▸ **What to work on**
What is needed is an exact repetition of the lines from the first one in the data through the line with "Róbert Berény (1887-1953)", with no pictures.

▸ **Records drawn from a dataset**
[Start of section]
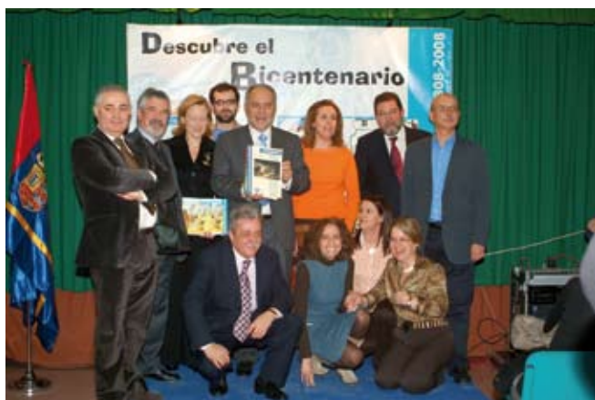
El Alcalde de Móstoles, junto a los autores de las unidades didácticas.
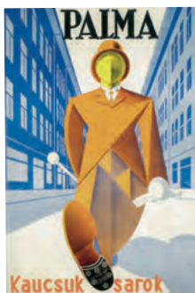
Róbert Berény (1887-1953) Palma kaucsuk sarok (1929) OSZK, Országos Széchényi Könyvtár, Budapest

XIX y comienzos del XX. El segundo, se ocupa del período de entreguerras, considerado la época estelar del cartel en Europa, con nombres de autores relevantes como Cassandre, Paul Colin, Jean Carlu, Herbert Bayer y Otto Baumburger, entre otros. Un tercer apartado se centra en las propuestas de vanguardia, en los carteles de algunos artistas adscritos a los movimientos modernos como el constructivismo, el futurismo, el surrealismo o las propuestas creadas en la Bauhaus alemana. Hay que destacar que la muestra incluye carteles de Vladimir Lebedev,
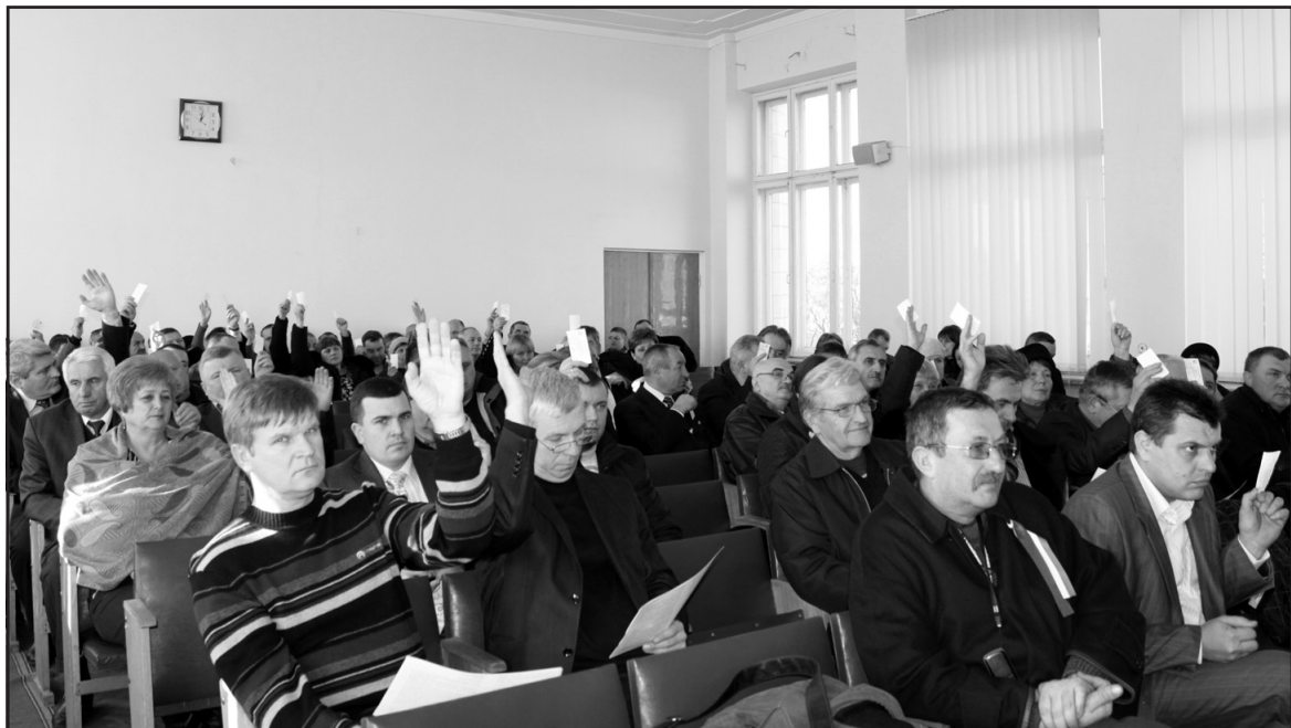
Депутати Тернопільської районної ради проголосували за імпичмент Президента, відставку уряду та дострокові вибори до Верховної Ради.
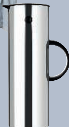
EM77, kaffekande i stål. H 31 cm, 800 kr. (Stelton).
[End of section]
▸ **Solution to this exercise**
El Alcalde de Móstoles, junto a los autores de las unidades didácticas.
Róbert Berény (1887-1953) Palma kaucsuk sarok (1929) OSZK, Országos Széchényi Könyvtár, Budapest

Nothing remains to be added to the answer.